Help with "read" issue please

Z

ZafT

Thanks in advance for any tips that might get me going in the right
direction.

I am working on a simple exercise for school that is supposed to use read to
read a file (about 10 MB). I am supposed to change the buffer size and see
how this affects the read time. In other words, the buffer is supposed to
limit how much of the file gets read per call, and cause some change in
speed. I am supposed to do the same with fread as well, but I'm just asking
for help on read for now.

Everything works like a charm if I have the buffer set to the same size as
the file, but if I make the buffer size smaller than the file, I get a core
dump - segmentation fault.

Here's all the code. Do I need to put the data somewhere or clear the
buffer after a pass or something? I'm guessing I'm stepping out of my
buffer when it gets full.

#include <fstream>
#include <time.h>
#include <iostream>
using namespace std;


void main(){

cout << "start \n" ;

char buff[100];
int length;
time_t seconds;

ifstream inputFile ("TEST", ios::binary);

inputFile.seekg (0, ios::end);
length = inputFile.tellg();
inputFile.seekg (0, ios::beg);

seconds = time (NULL);

cout << seconds << " Seconds at start \n" << length << " bytes\n" ;

// If buffer is same size as the file, I have no problem, but if I
drop the buff size - CRASH!
while(inputFile.read(buff,10000000)){
}

seconds = time(NULL);

cout << seconds << " Seconds at finish \n" ;

}


Any help is appreciated!


Shane
 
P

Phlip

ZafT said:
char buff[100];
while(inputFile.read(buff,10000000)){

The only thing read() knows about your buf is where it begins. read() relies
on you to tell it where the buf array ends. That's why lying in the second
argument is not a good idea. Pass the actual length of the buf array.

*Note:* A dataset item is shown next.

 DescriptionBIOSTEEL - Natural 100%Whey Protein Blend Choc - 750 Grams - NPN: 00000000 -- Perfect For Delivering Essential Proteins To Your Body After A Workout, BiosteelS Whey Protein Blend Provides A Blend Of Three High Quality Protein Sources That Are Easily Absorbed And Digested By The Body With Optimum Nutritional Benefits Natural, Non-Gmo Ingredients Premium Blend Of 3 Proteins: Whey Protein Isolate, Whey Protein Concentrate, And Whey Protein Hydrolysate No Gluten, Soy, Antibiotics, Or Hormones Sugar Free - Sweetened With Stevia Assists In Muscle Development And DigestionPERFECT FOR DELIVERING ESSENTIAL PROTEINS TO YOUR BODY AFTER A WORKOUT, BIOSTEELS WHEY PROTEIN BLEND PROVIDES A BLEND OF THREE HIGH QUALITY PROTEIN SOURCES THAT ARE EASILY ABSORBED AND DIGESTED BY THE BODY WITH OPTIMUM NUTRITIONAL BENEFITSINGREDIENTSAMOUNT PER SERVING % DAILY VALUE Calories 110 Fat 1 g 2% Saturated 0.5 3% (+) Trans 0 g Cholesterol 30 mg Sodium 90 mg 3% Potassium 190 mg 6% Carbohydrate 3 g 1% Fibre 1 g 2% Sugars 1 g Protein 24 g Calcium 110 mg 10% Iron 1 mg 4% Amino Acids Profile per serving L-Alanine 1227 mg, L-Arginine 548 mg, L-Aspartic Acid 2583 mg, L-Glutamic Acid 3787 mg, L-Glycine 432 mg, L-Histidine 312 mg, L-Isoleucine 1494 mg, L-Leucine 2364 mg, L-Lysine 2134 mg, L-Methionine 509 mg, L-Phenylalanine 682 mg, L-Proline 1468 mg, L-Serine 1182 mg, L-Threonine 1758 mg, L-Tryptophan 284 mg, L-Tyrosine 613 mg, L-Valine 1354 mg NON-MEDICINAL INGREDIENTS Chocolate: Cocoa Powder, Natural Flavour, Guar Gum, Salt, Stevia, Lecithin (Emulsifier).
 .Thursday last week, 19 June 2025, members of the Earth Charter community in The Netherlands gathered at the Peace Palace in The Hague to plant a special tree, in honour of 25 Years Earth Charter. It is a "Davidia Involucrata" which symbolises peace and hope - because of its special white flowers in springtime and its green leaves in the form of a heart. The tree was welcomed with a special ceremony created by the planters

You are learning that the C languages are very mechanical, and will compile
any well-formed source code you give it, regardless of whether it makes
sense.
 
Z

ZafT

Phlip said:
ZafT said:
char buff[100];
while(inputFile.read(buff,10000000)){

The only thing read() knows about your buf is where it begins. read() relies
on you to tell it where the buf array ends. That's why lying in the second
argument is not a good idea. Pass the actual length of the buf array.
Phlip
http://industrialxp.org/community/bin/view/Main/TestFirstUserInterfaces

Hmmm...

I agree that normally things would work better if I passed a buffer the size
of the file, but I have been asked to do the opposite for the sake of
reading the file in chunks to test performance. Is there no way to do this?

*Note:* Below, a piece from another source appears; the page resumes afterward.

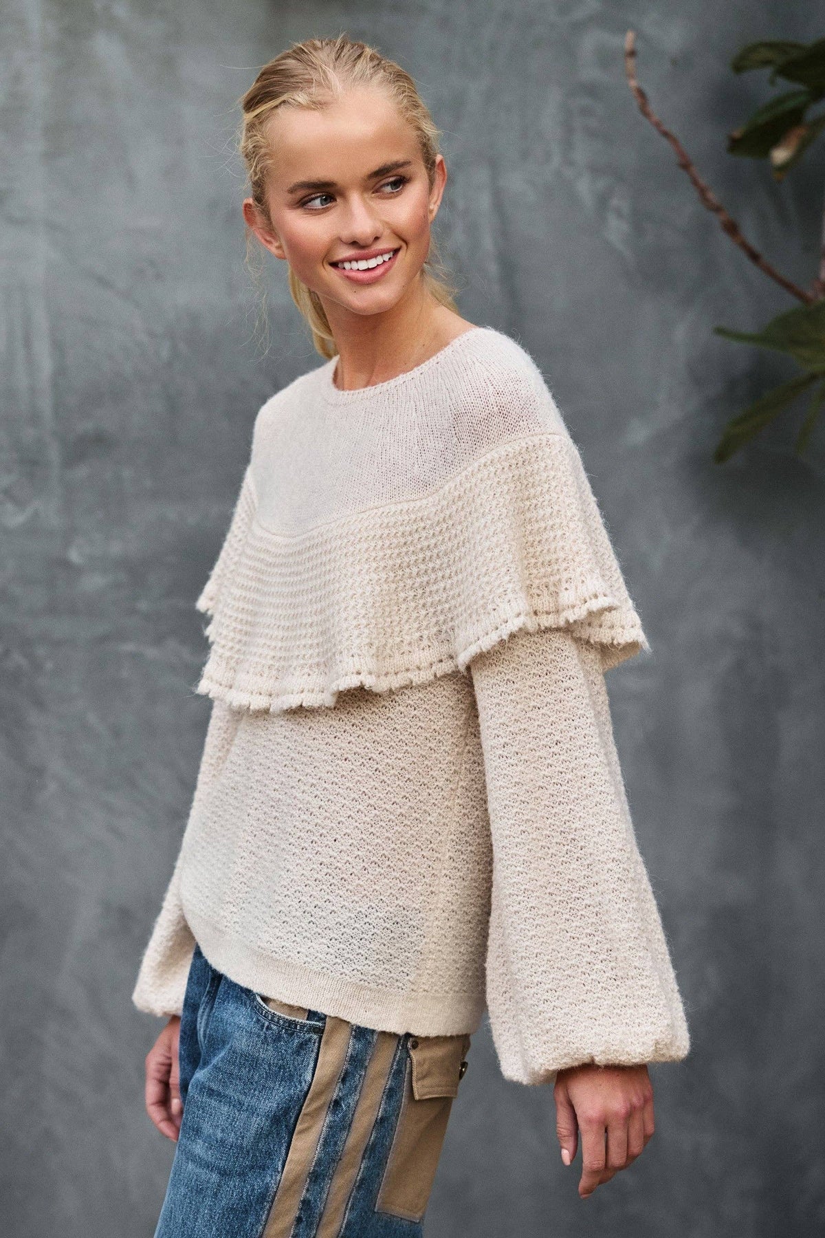 Ruffle Yoke Knit Sweater A soft, romantic knit with elegant volume and texture that brings a modern twist to feminine classics. • Creamy knit texture with delicate raised patterning • Statement ruffle yoke detail adds a graceful, vintage-inspired touch • Gently puffed sleeves with gathered cuffs for subtle volume • Back keyhole closure with buttons for a refined finish
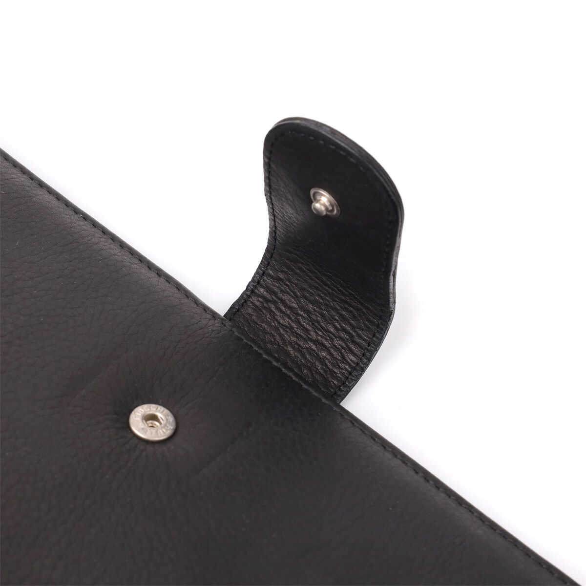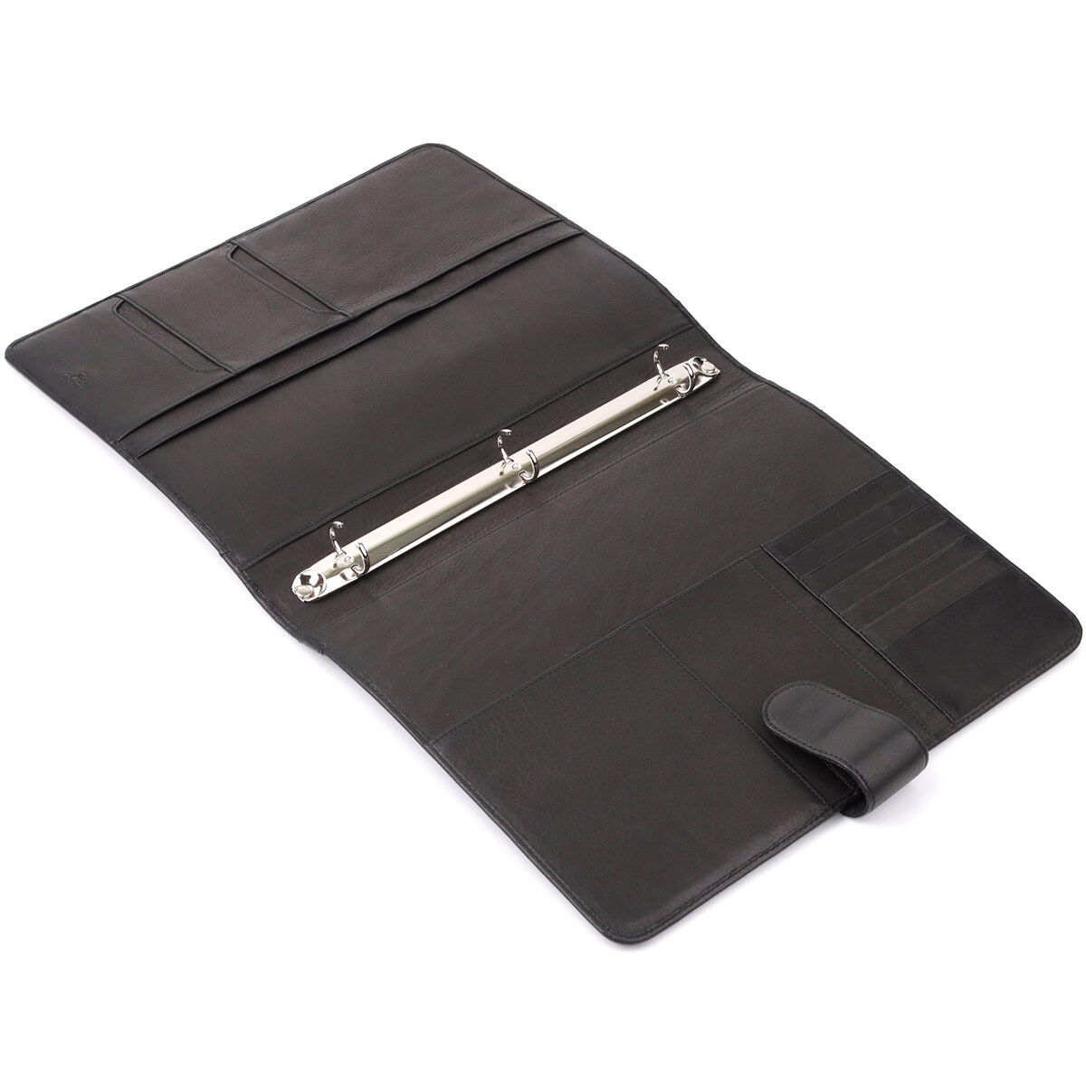 Органайзер із натуральної шкіри чорного кольору. Закривається хлястиком на кнопку – надійно та зручно. Усередині передбачено вісім осередків для карт, три прилеглі кишені та металевий тримач для файлів формату А4. На лицьовій стороні в правому нижньому кутку розташований фірмовий металевий логотип бренду, що підкреслює стиль і автентичність виробу.

Thanks for letting me know I'm not crazy at least :) The help is very
appreciated.

Shane
 
Z

ZafT

ZafT said:
Phlip said:
ZafT said:
char buff[100];
while(inputFile.read(buff,10000000)){

The only thing read() knows about your buf is where it begins. read() relies
on you to tell it where the buf array ends. That's why lying in the second
argument is not a good idea. Pass the actual length of the buf array.
Phlip
http://industrialxp.org/community/bin/view/Main/TestFirstUserInterfaces

Hmmm...

I agree that normally things would work better if I passed a buffer the size
of the file, but I have been asked to do the opposite for the sake of
reading the file in chunks to test performance. Is there no way to do this?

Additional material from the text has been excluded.